И вот Маша вдруг перед английским подходит к нашей парте, но сумку почему-то не кладет. И вид у нее такой странный, думаю, наверно, хочет денег одолжить. Она у меня часто просит и всегда ужасно смущается. Но при этом все помнит и отдает с точностью маньяка, так что я не против, незачем так смущаться только. А она вдруг:
– Слушай, извини, я со Слоновым сяду сегодня? Мы договорились… ну… я ему помочь…
– Да не вопрос, – говорю, а сама не понимаю, что происходит. Маша Скворцова, мой якорь, вдруг от меня уходит! Я всегда считала, что она – мой балласт, что она на мне висит, не дает мне нормально ни с кем тусоваться, и тут оказывается, что я ей не нужна!
Я от неожиданности чуть не расплакалась. Полезла в рюкзак за сосалкой, сгребла вещи с нашей третьей парты и, сделав беззаботный вид (надеюсь, у меня получилось), пошла к Клею на первую.
– Оль, у тебя свободно?
– Да… конечно.
– Я сяду к тебе?
Она удивилась, но кивнула. И тут вошла англичанка.
– А… Маша? Вы поссорились? – не ожидала от Клея таких откровенных вопросов.
– Да что ты! У Маши, – тут я сделала гадкую ухмылку, – ну… личная жизнь. Зачем я буду ей мешать? – и я кивнула на них со Слоновым. Они сидели за второй партой у окна.
– А-а, – Оля их только сейчас, кажется, заметила.
Я сама не ожидала, что меня так заколбасит. У нас в классе почти никто не сидит с мальчишками. В началке нас, конечно, специально сажали «девочка с мальчиком». Я с Сашей Смирновым сидела и была, стыдно вспомнить, в него влюблена. Он мне даже написал как-то свой телефон на бумажке и попросил ему вечером позвонить. У меня тогда еще своего не было. Я одолжила телефон у мамы, даже велела ей выйти из комнаты, сказала, что у меня личный разговор. Мама сделала большие глаза, но вышла. В общем, я ему позвонила, мы поздоровались, помолчали, потом он сказал, что у него кот, а я сказала, что у меня нет кота. Мы опять помолчали. А потом он спросил, могу ли я ему еще попозже вечером позвонить. Я сказала, что попробую, потому что это мамин телефон, а не мой, но позвонить так и не получилось. На этом наше телефонное общение завершилось, хотя в школе мы с ним нормально общались. А в пятом классе он ушел в спортшколу.
Теперь сидеть с мальчиком как-то странно. Ну Данилов с Потаповой сидят вместе, но они чуть ли не с детсада дружат, семьями. А так, если не считать этой кутерьмы с Логиновым, никто и не сидит.
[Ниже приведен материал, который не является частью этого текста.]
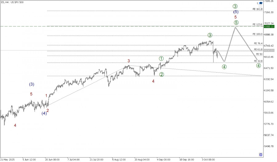 В глобальной перспективе по индексу SP500 может формироваться крупный импульс (1)-(2)-(3)-(4)-(5). Подволна (1) и (2) сформированы. На последнем участке графика представлена восходящая импульсная волна (3), размеченная подволнами 1-2-3-4-5. В составе волны (3) завершенными смотрятся подволны 1-2-3-4. Коррекционная волна 4 не так давно подошла к концу и приняла форму двойного зигзага. На последнем участке цены мы можем наблюдать построение новой и финальной волны 5. Волна 5 может принять форму импульса [1]-[2]-[3]-[4]-[5]. Завершены подволны [1]-[2], и сейчас растем в более мощной подволне [3]. Вероятно, быки нацелены на предыдущий максимум 6864, на указанном уровне величина импульса 5 будет равна 100% по расширению Фибоначчи от волны 3. В текущей ситуации можно рассматривать открытие длинных позиций с целью забрать прибыль на завершении импульсного роста в районе предыдущего максимума.

И тут Маша со Слоновым так спокойно сели вместе. Даже в голову не придет никому их дразнить. Какая из них пара – смех один.
А чего я парюсь? Теперь я свободна. Я тоже могу тусить с кем хочу. Вот Оля, например, очень умная, она единственная в нашем классе умеет писать нормальные сочинения. За свои мне всегда стыдно, а она пишет прямо как взрослый человек. Оля, правда, с Наташей сидит обычно, но на английском Наташа в другой группе. Оля всегда ходит с книжкой, она берет, чтоб в метро читать, ей ехать полчаса, она говорит. Ну а потом не может оторваться, в столовке читает в очереди, на перемене, когда освобожденная на физре, везде. Интересно, что она сейчас читает. Спросить, что ли?